[DATA PROVIDED Boundary: Start]
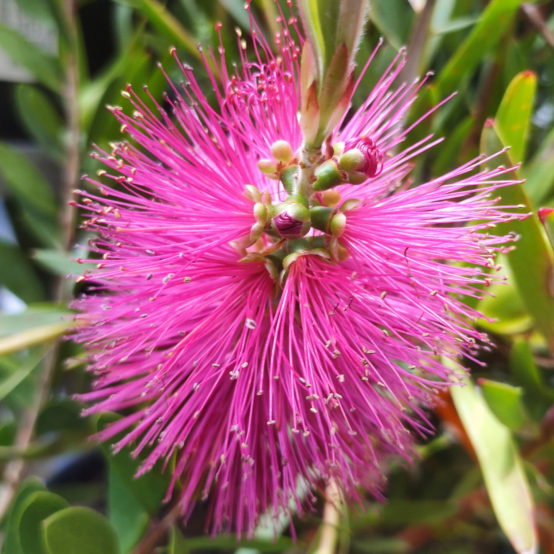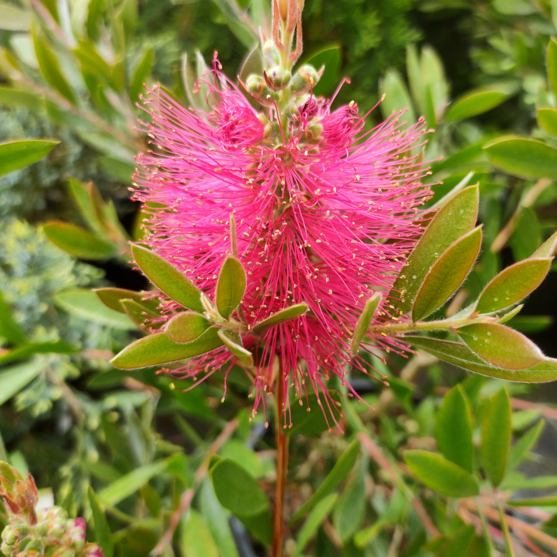Callistemon 'Hot Pink' is an evergreen spreading shrub and produces large, bright pink, brush-like flowers during the spring season. Its flowers are attractive to nectar-feeding birds, and is tolerant to both drought and coastal conditions. This plant is a hybrid between Callistemon citrinus 'Splendens' and Callistemon pallidus and was bred in South Africa. H 4m and W 3m in about 10 years.
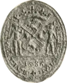 In 1683, the city's Common Council petitioned the colonial governor of New York for an official charter, including the right to designate their own seal. In 1686, the charter was granted. It included the right of the city to "breake Change Alter and new make their said Comon Seale when and as often as to them it shall seem convenient".[14] The city's Common Council then adopted a new seal on July 24, 1686, the first to be designed and approved by the city in its own right. The design contained many elements that survive in the current city seal—namely, a shield featuring windmill sails, beavers, and flour barrels, a colonial sailor and a Native American as supporters, a Latin legend, a founding date (in this case, 1686 was used), and a laurel wreath. The first known use of the 1686 seal reveals that the seal featured a ducal crown at the crest, a fact that has puzzled historians, since the city's owner and namesake, James II, had ascended to the throne of England in 1685, and thus the use of an imperial crown would have been warranted. Subsequent uses of the seal show that a change to an imperial crown was made, although the exact date of the change is unknown.[15]
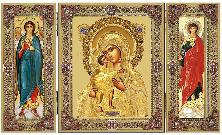 Virgin Mary Feodorovskaya,gold foil wooden icon triptych with Archangels Michael and Gabriel
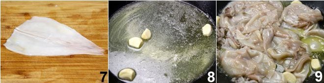 to obtain fillets 7 that will curl during cooking. Place the butter in a large pan with the oil, and once melted, add the garlic 8 and squid, frying them for a few minutes 9.
[DATA PROVIDED Boundary: End]
> **WHAT YOU NEED TO DO**: Your job is to reproduce the material exactly. Keep pictures out of it.

> **ANSWER SECTION**:
Callistemon 'Hot Pink' is an evergreen spreading shrub and produces large, bright pink, brush-like flowers during the spring season. Its flowers are attractive to nectar-feeding birds, and is tolerant to both drought and coastal conditions. This plant is a hybrid between Callistemon citrinus 'Splendens' and Callistemon pallidus and was bred in South Africa. H 4m and W 3m in about 10 years.
 In 1683, the city's Common Council petitioned the colonial governor of New York for an official charter, including the right to designate their own seal. In 1686, the charter was granted. It included the right of the city to "breake Change Alter and new make their said Comon Seale when and as often as to them it shall seem convenient".[14] The city's Common Council then adopted a new seal on July 24, 1686, the first to be designed and approved by the city in its own right. The design contained many elements that survive in the current city seal—namely, a shield featuring windmill sails, beavers, and flour barrels, a colonial sailor and a Native American as supporters, a Latin legend, a founding date (in this case, 1686 was used), and a laurel wreath. The first known use of the 1686 seal reveals that the seal featured a ducal crown at the crest, a fact that has puzzled historians, since the city's owner and namesake, James II, had ascended to the throne of England in 1685, and thus the use of an imperial crown would have been warranted. Subsequent uses of the seal show that a change to an imperial crown was made, although the exact date of the change is unknown.[15]
 Virgin Mary Feodorovskaya,gold foil wooden icon triptych with Archangels Michael and Gabriel
 to obtain fillets 7 that will curl during cooking. Place the butter in a large pan with the oil, and once melted, add the garlic 8 and squid, frying them for a few minutes 9.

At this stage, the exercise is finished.